Yuxiang Qiu,Karim Djemili,Denis Elezi,Aaneel Shalman,María Pérez-Ortiz,Emine Yilmaz,John Shawe-Taylor,Sahan Bulathwela
Abstract:With the advancement and utility of Artificial Intelligence (AI), personalising education to a global population could be a cornerstone of new educational systems in the future. This work presents the PEEKC dataset and the TrueLearn Python library, which contains a dataset and a series of online learner state models that are essential to facilitate research on learner engagement modelling.TrueLearn family of models was designed following the "open learner" concept, using humanly-intuitive user representations. This family of scalable, online models also help end-users visualise the learner models, which may in the future facilitate user interaction with their models/recommenders. The extensive documentation and coding examples make the library highly accessible to both machine learning developers and educational data mining and learning analytics practitioners. The experiments show the utility of both the dataset and the library with predictive performance significantly exceeding comparative baseline models. The dataset contains a large amount of AI-related educational videos, which are of interest for building and validating AI-specific educational recommenders.
What problem does this paper attempt to address?
The problems that this paper attempts to solve are:
1. **Lack of publicly available educational video engagement datasets**: Most of the currently publicly available datasets are mainly focused on question - answering and testing scenarios, lacking detailed data related to educational video - viewing behaviors. This restricts researchers' ability to develop and validate personalized educational recommendation systems.
2. **Deficiencies of existing models in large - scale, continuous - learning environments**: Traditional Knowledge Tracing (KT) and Item Response Theory (IRT) models are mainly targeted at limited learning materials and testing scenarios and cannot effectively support the personalized learning needs in large - scale, continuous - learning environments.
3. **Improving the prediction performance of educational video recommendation systems**: Existing educational recommendation systems fail to fully utilize the implicit signals of user - video interactions (such as clicks, viewing duration, etc.), making it difficult to achieve efficient and personalized learning support.

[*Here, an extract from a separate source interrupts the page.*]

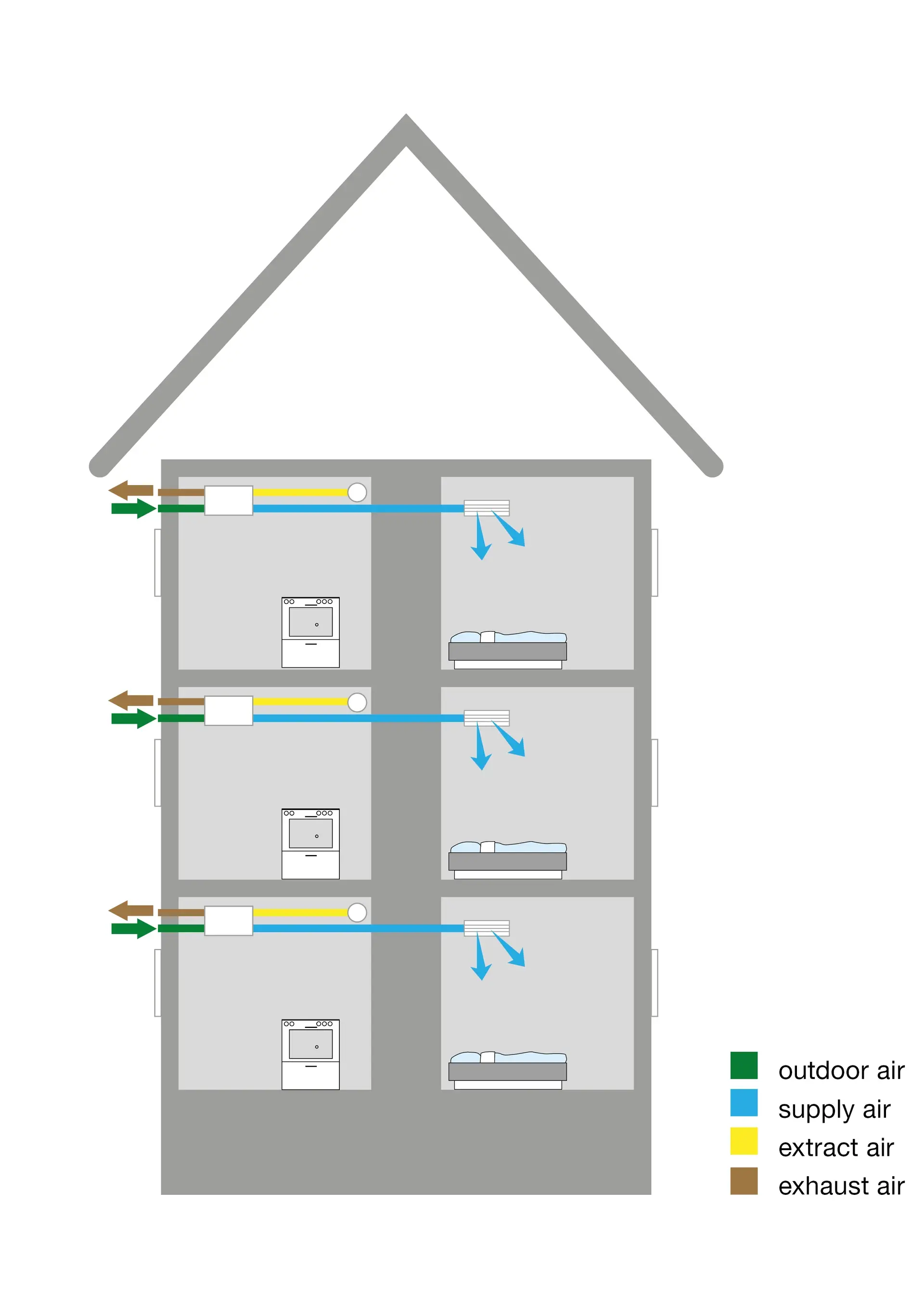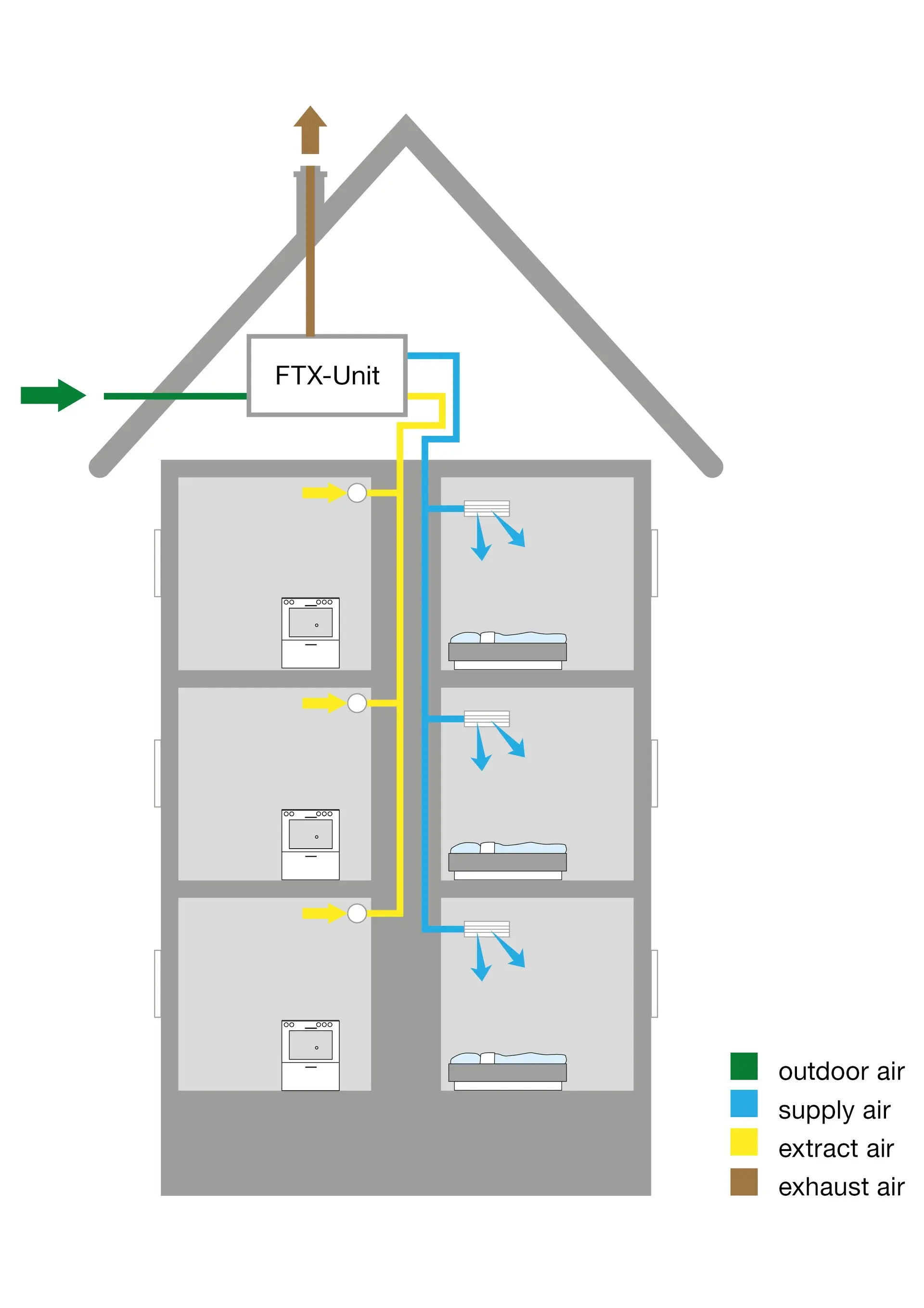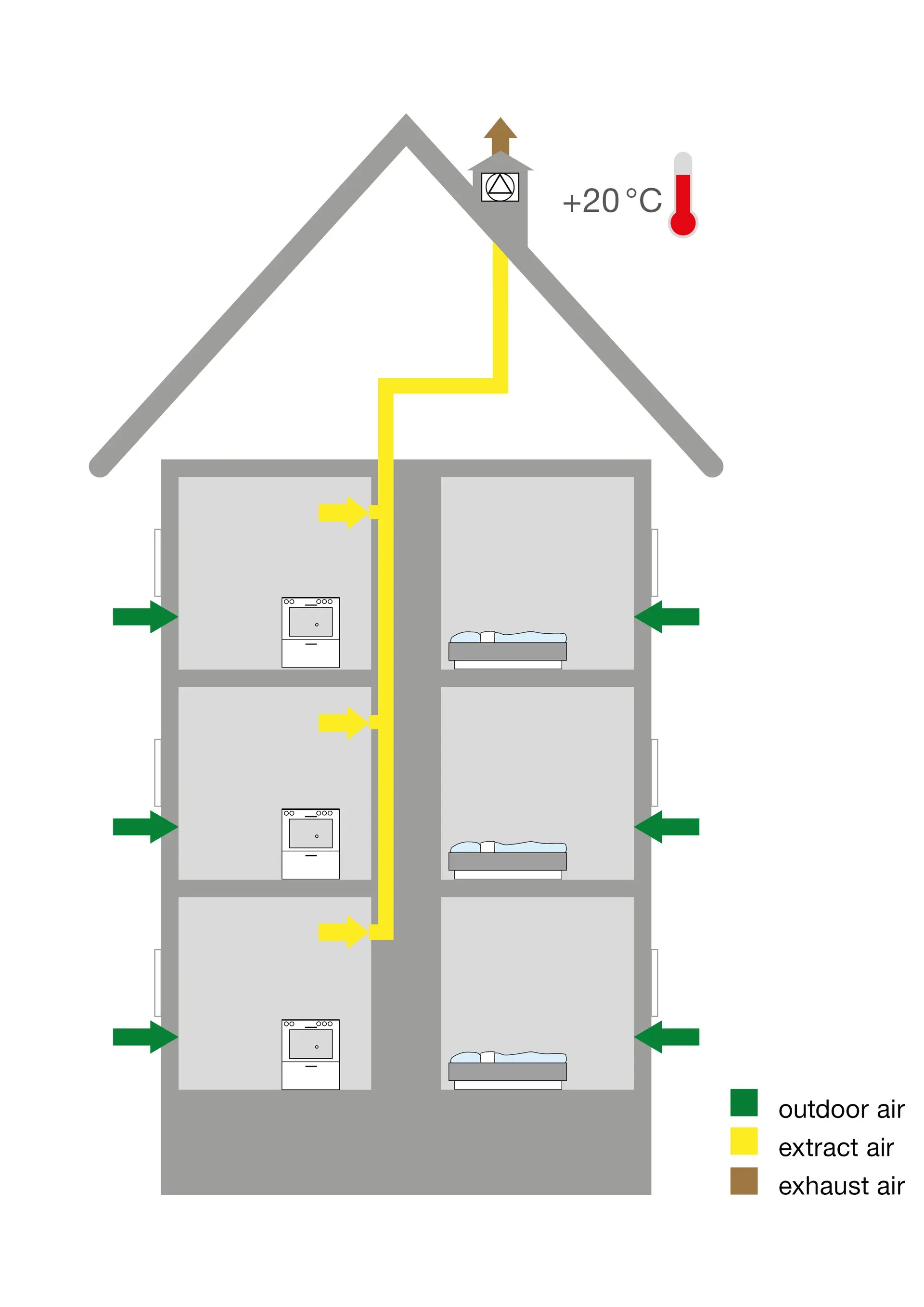 Friskluft tas inn via spalteventiler i vinduskarmene. Fraluften tas ut gjennom ventiler i baderom og kjøkken. Varmen i dette systemet gjenvinnes ikke. Den går rett ut via en avtrekksvifte.

For this purpose, the paper makes two main contributions:
- **Creation and release of the PEEKC dataset**: This is a publicly available dataset containing more than 20,000 informal learners watching AI - related educational videos. Each video segment is annotated with relevant Knowledge Components (KCs). These data are collected in a real - world environment and can better reflect learners' natural learning behaviors.
- **Development of the TrueLearn library**: This is an open - source Python library that contains the latest Bayesian online learning models and visualization tools for modeling learners' interests, knowledge, and novelty. The design of this library follows the "open learner" concept, uses an intuitive user representation, and provides multiple visualization methods to help users understand and manage their own learning states.
Through these two contributions, the paper aims to promote the research and development of personalized educational recommendation systems, especially in large - scale, continuous - learning environments, by using implicit interaction signals to enhance learners' engagement and learning effectiveness.
### Formula Summary
The main formulas involved in the paper are as follows:
1. **Knowledge component coverage of resources**:
\[
SR(c, c')=\log\left(\frac{\max(|L_c|, |L_{c'}|)}{|L_c\cap L_{c'}|}\right)-\log\left(\frac{\min(|L_c|, |L_{c'}|)}{|W|}\right)
\]
where \( L_c \) represents the set of concepts linked to the Wikipedia concept \( c \), and \( W \) represents the set of all Wikipedia topics.
2. **Cosine similarity calculation**:
\[
\cos(\text{str}, c)=\frac{\text{TFIDF}(\text{str})\cdot\text{TFIDF}(c)}{\|\text{TFIDF}(\text{str})\|\times\|\text{TFIDF}(c)\|}
\]
where \( \text{TFIDF}(s) \) returns the TF - IDF vector of the string \( s \), and \( \|\cdot\| \) represents the norm of the vector.
3. **Normalized viewing time**:
\[
e_t^{\ell, r_i}=\frac{W(\ell, r_i)}{D(r_i)}
\]
where \( W(\cdot) \) is a function that returns the viewing time of the learner \( \ell \) for the resource \( r_i \), and \( D(\cdot) \) is a function that returns the duration of the lecture segment \( r_i \).
These formulas are used to process and analyze educational video data to model learners' engagement and learning states.